W 1938 roku Lew Dawidowicz Landau, rosyjski fizyk pochodzenia żydowskiego, opracował teorię powstawania gwiazd neutronowych potwierdzoną rok później przez wspomnianych astronomów. Baade i Zwicky zasugerowali, że w procesie powstawania supernowej masa gwiazdy jest w znacznym stopniu unicestwiana, a to, co pozostaje, zapada się do niewielkiego obiektu, który jest zbyt mały i słaby, aby można było go wykryć. Stąd też gwiazdy neutronowe potraktowano jedynie jako mało istotną fanaberię natury.
Dopiero w listopadzie 1967 r. florencki astrofizyk Franco Pacini zwrócił uwagę, że gwiazdy neutronowe wirują, a tym samym wytwarzają duże pola magnetyczne. W takim razie powinny też emitować fale elektromagnetyczne. Pacini zwrócił uwagę, że dwa lata wcześniej Antony Hewish i Samuel Okoye odkryli „niezwykłe źródło wysokiej jasności radiowej w mgławicy Kraba".
Pieśń pulsara
Wszystko wskazywało, że źródłem tym była wirująca gwiazda neutronowa, która powstała w wyniku wybuchu wielkiej supernowej zaobserwowanej i opisanej w 1054 roku przez chińskich oraz arabskich astronomów.
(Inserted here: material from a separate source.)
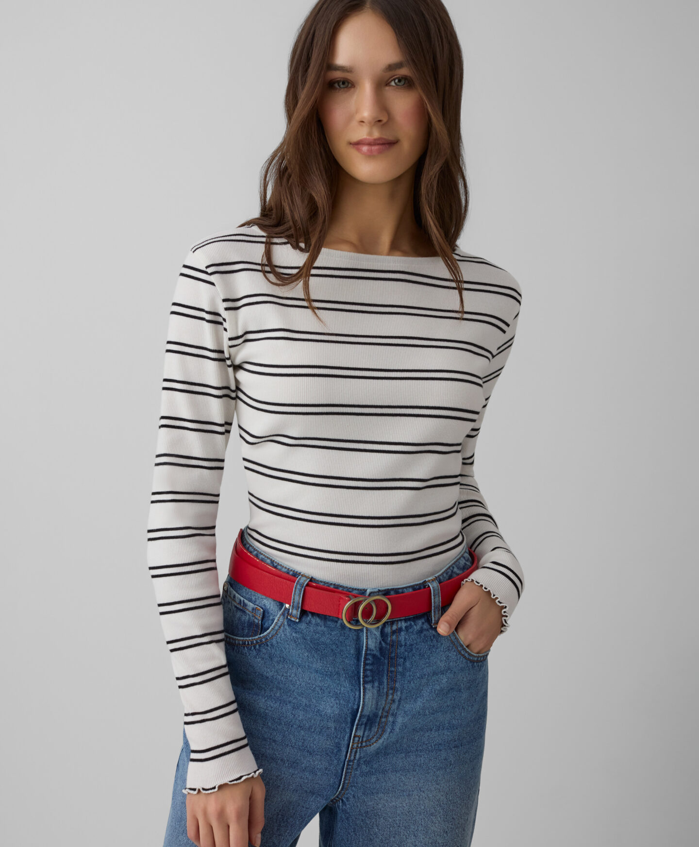 Suure puuvillasisaldusega valge triibulise T-särgi koostises on ka pisut elastaani, nii et see hoiab kenasti kehasse. Pilkupüüdev viimistlus mõjub stiilselt igas kombinatsioonis. Vali juurde näiteks teksapüksid või elegantsemad püksid. Saadaval 2 värvis.

Był to pierwszy namacalny dowód istnienia pulsara, a więc silnie zmagnetyzowanej i niezwykle szybko obracającej się wokół własnej osi gwiazdy neutronowej.
Od tego czasu odkryto istnienie co najmniej dziesięciu takich obiektów. W zeszłym miesiącu astronomowie poinformowali, że na podstawie obserwacji nowo odkrytego połączenia się dwóch gwiazd neutronowych GW170817 opracowano nową metodę określania stałej Hubble'a i rozwiązywania rozbieżności z wcześniej stosowanymi metodami obserwacyjnymi dotyczącymi rozszerzania się wszechświata. Mówiąc najbardziej skrótowo, ta stała Hubble'a pozwala na oszacowanie odległości do kilkudziesięciu bardzo dalekich gromad galaktyk położonych od 1 do 10 mld mld lat świetlnych od ziemi z uwzględnieniem ich nieustannej ucieczki od siebie.